[Haskell-cafe] How do you rewrite your code?
Max Bolingbroke
batterseapower at hotmail.com
Wed Mar 3 13:52:43 EST 2010
Something I've been doing a lot lately is selective
defunctionalisation, transformation into continuation passing style,
and the combination of both things (CPS followed by defunctionalising
the continuations). This is probably because I'm playing around with
lambda calculus evaluators a lot though :-) (see Olivier Danvy's
homepage for more: http://www.cs.au.dk/~danvy/)
Cheers,
Max
On 2 March 2010 19:20, Sean Leather <leather at cs.uu.nl> wrote:
> There are numerous threads on the Haskell Café involving rewriting,
> refactoring, refining, and in general improving code (for some definition of
> improve). I am interested in seeing examples of how Haskell code can be
> rewritten to make it better. Some general examples are:
>
> Eta-reduce
> Make more pointfree
> Introduce monadic operators or do-notation
>
> e.g. for Maybe, lists, State
>
> Eliminate monadic operators or do-notation
> Generalize types
>
> e.g. change map to fmap, (++) to mappend
>
> Use instances of Functor, Applicative, Alternative, Category, Arrow, Monoid,
> Traversable, etc.
> Use library functions from Data.List, Data.Map, Data.Set, etc.

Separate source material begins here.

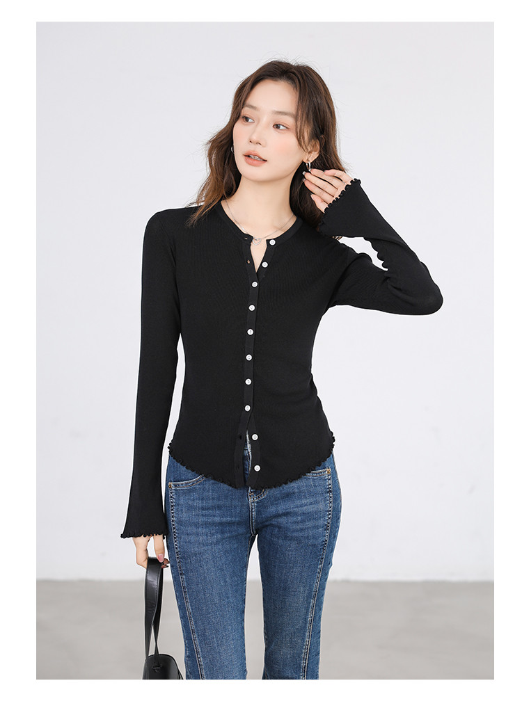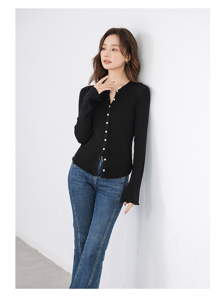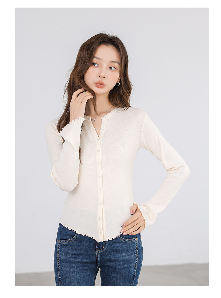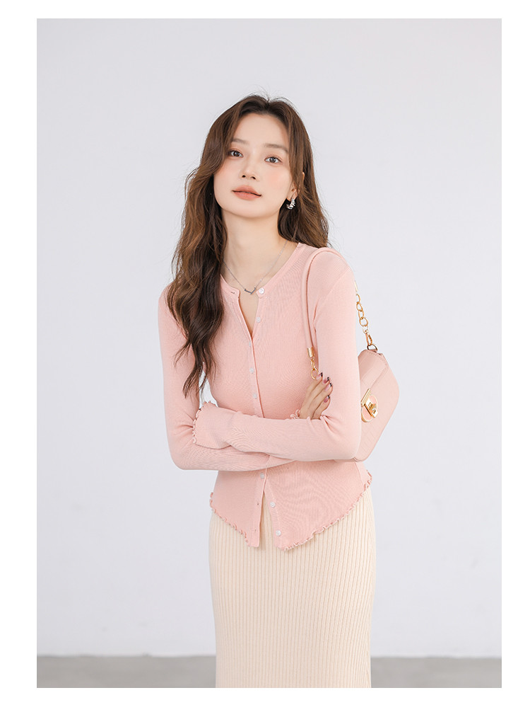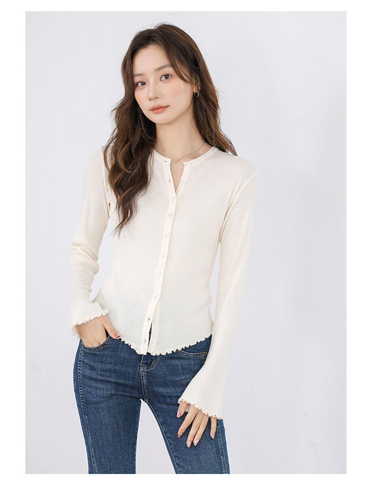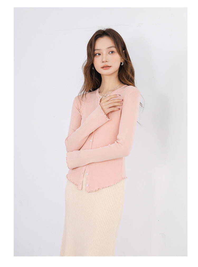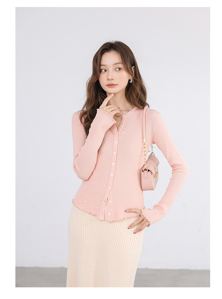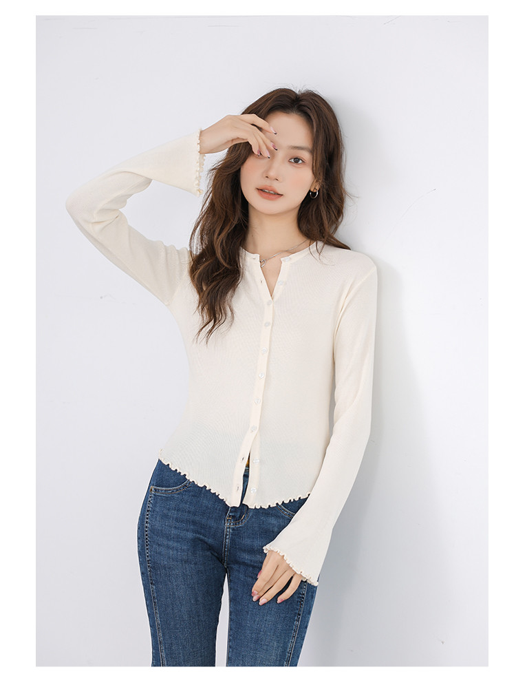 商品名称:冰丝薄款针织开衫女罩衫木耳边针织上衣空调服 542787

> Use some form of generic programming (e.g. SYB, Uniplate, EMGM, Alloy)
> Use other libraries not included in the Platform
>
> My question is simple:
>
> How do you rewrite your code to improve it?
>
> You can answer this in any way you like, but I think the most useful answer
> is to show a reasonably small, concrete example of what your code looked
> like before and after. Also, please describe how you think the rewrite
> improves such code.
>
> Is it better style? More useful? More efficient?
> Are the types (before and after) the same?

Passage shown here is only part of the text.